One other segment, however, helps make the game last longer in the hands of casual fans: the new figure modes. The 500 figures depicting the game's characters can be unlocked by points earned through gameplay. Like Super Smash Bros. Melee, these are primarily earned using a slot machine-like minigame, using points based on rounds won. Casual players can trade up to 20 Play Coins (points that Nintendo awards for taking your system out for a walk) a day to earn these. That alone is not the point of the mode. Instead, you build a "team" out of five of the figures and store that for StreetPass. When walking around, if StreetPass triggers with another player of the game, your figures will battle theirs to earn extra bonuses. The game also offers bonus figures for typing in special passwords, some of which are sent as direct messages via the 3DS notification system. This combination could help the game last much longer in many players' hands, and it certainly doesn't hurt the game's fun.

SSF IV: 3D Edition's biggest strength may be in its presentation.

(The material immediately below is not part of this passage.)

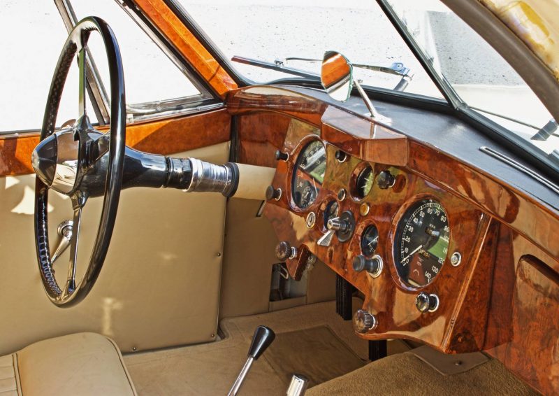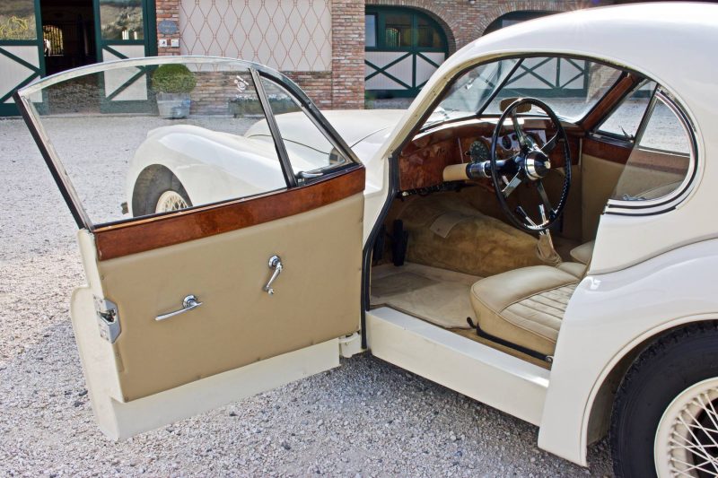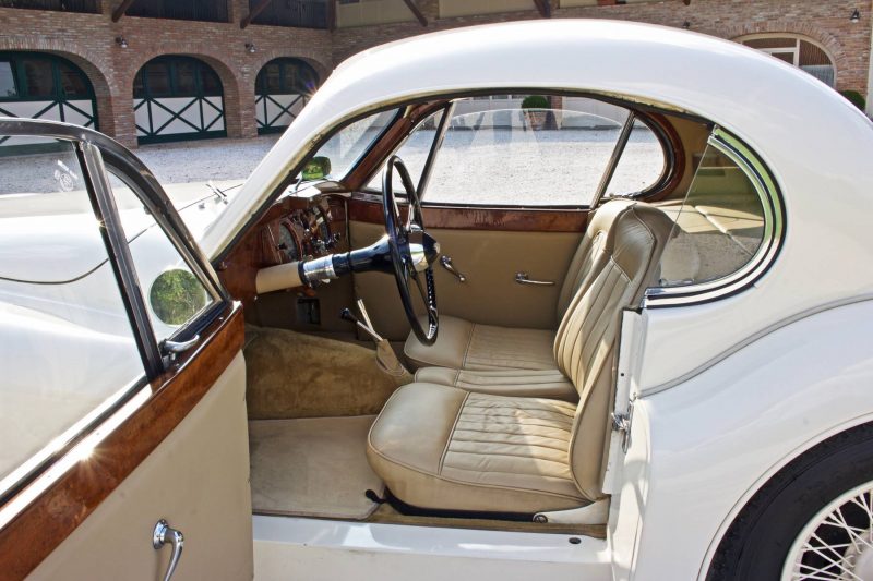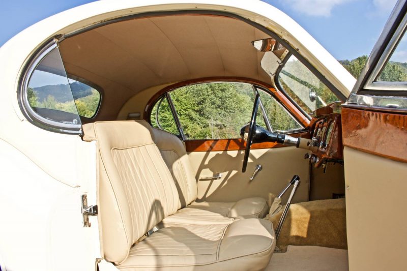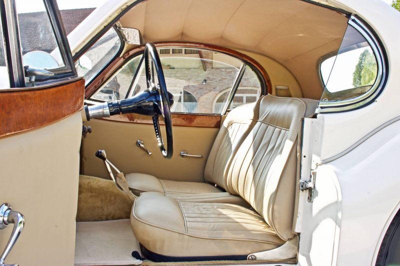 Coupè inglese anni 50 di colore bianco con intenti in pelle avorio completamente sistemato di motore, meccanica e ciclistica in tempi recenti.

All of the character models look excellent, and the game's use of 3-D shaders means that it's hard to tell apart character and battle animations from the console versions of the game; even Hakan's oil shine looks spot-on at a casual glance. Unfortunately, the cost of this comes in the backgrounds, reduced to simpler 3-D models and even 2-D cut-outs for people. This is fine in the normal view but looks rather subpar when using the Dynamic View mechanic or when the camera goes wild for super moves. The cut scenes are reduced to scrolling still frames and subtitles — and no, the anime cut scenes aren't shifted into 3-D.

The soundscape also holds up nicely. All of the sound effects and voices from the console version port over and sound just fine on the 3DS' surprisingly decent speakers. Put in headphones, and you can even enjoy the soundtrack.

Only one thing holds back Super Street Fighter IV: 3D Edition from being pure fighting perfection: the lack of the arcade edition content, with its four characters and gigantic stack of extras. Otherwise, 3D Edition is one of the purest, strongest examples of fighting game bliss in recent history, and it's a worthy addition to almost any 3DS owner's library. This is easily the best title in the 3DS launch lineup, and it's proof that the potential is there for the slow-starting system.